Terminal UI (OpenTUI)

The TUI requires Bun: It currently runs from a project checkout that includes frontend/.

# Install Bun
curl -fsSL https://bun.sh/install | bash

# Install frontend dependencies
cd frontend && bun install

Configure Provider

# Cloud: Set API key
export DEEPGRAM_API_KEY='your-key'     # From console.deepgram.com

# Or local: Whisper works without API keys after installation

Verify

audio-extraction-analysis --version

Quick Start

# Process a video file
audio-extraction-analysis process meeting.mp4

# Process from URL
audio-extraction-analysis process --url "https://youtube.com/watch?v=..."

# With custom output
audio-extraction-analysis process video.mp4 --output-dir ./results

# Full analysis (5 files)
audio-extraction-analysis process video.mp4 --analysis-style full

CLI Reference

Commands

Command	Description
`process`	Full pipeline: extract → transcribe → analyze
`extract`	Audio extraction only
`transcribe`	Transcription only
`export-markdown`	Export transcript as Markdown
`tui`	Launch interactive terminal UI

Common Options

Option	Values	Description
`--quality`	`speech`, `standard`, `high`, `compressed`	Audio quality preset
`--language`	`en`, `es`, `fr`, `de`, `auto`	Transcription language
`--provider`	`auto`, `deepgram`, `elevenlabs`, `whisper`	Provider selection
`--output-dir`	Path	Output directory
`--analysis-style`	`concise`, `full`	Single file vs 5-file output
`--verbose`	Flag	Detailed logging

Examples

# High-quality transcription
audio-extraction-analysis process interview.mp4 --quality high --language en

# Extract audio only
audio-extraction-analysis extract presentation.mp4 --quality speech

# Transcribe existing audio
audio-extraction-analysis transcribe recording.mp3 --provider whisper

# Batch processing
for video in *.mp4; do
  audio-extraction-analysis process "$video" --output-dir "./results/${video%.*}"
done

Interactive TUI

Launch a guided interface with real-time progress monitoring: Current policy: source-checkout-only (requires project checkout with frontend/).

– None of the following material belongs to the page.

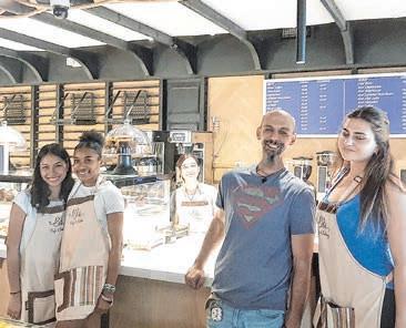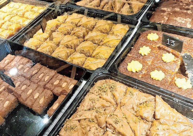 of sparkling Greek confections such as baklava, kataifi, walnut cake and loukoumades, along with Italian S cookies, American chocolate chip cookies and sandwiches. There is a full menu of pulled, dripped and shaken coffee drinks. They also have a full coffee/expresso bar with a variety of coffee drinks, teas, and smoothies.

audio-extraction-analysis tui

Features

Live progress bars with ETAs
Color-coded log streaming
Provider health monitoring
File browser with recent files
Dark/light theme toggle
Auto-saved configuration

Keyboard Shortcuts

Key	Action
`q`	Quit
`d`	Toggle dark mode
`?` / `h`	Help
`c`	Cancel pipeline (run screen)
`o`	Open output folder (when complete)

Output Structure

Concise Mode (default)

./output/
├── meeting.mp3                 # Extracted audio
├── meeting_analysis.md         # Single comprehensive analysis
└── meeting_transcript.txt      # Provider-formatted transcript

Full Mode (`--analysis-style full`)

./output/
├── meeting.mp3
├── 01_executive_summary.md       # High-level overview
├── 02_chapter_overview.md        # Content breakdown by topic
├── 03_key_topics_and_intents.md  # Technical analysis
├── 04_full_transcript_with_timestamps.md
└── 05_key_insights_and_takeaways.md

Configuration

Environment Variables

# Cloud providers
export DEEPGRAM_API_KEY='...'      # console.deepgram.com
export ELEVENLABS_API_KEY='...'    # elevenlabs.io/api

# Local providers (optional)
export WHISPER_MODEL='base'        # tiny, base, small, medium, large
export WHISPER_DEVICE='cuda'       # cuda or cpu

# General
export LOG_LEVEL='INFO'            # DEBUG, INFO, WARNING, ERROR

For detailed provider configuration, see docs/PROVIDERS.md.

Supported Languages

en, es, fr, de, it, pt, auto (auto-detect)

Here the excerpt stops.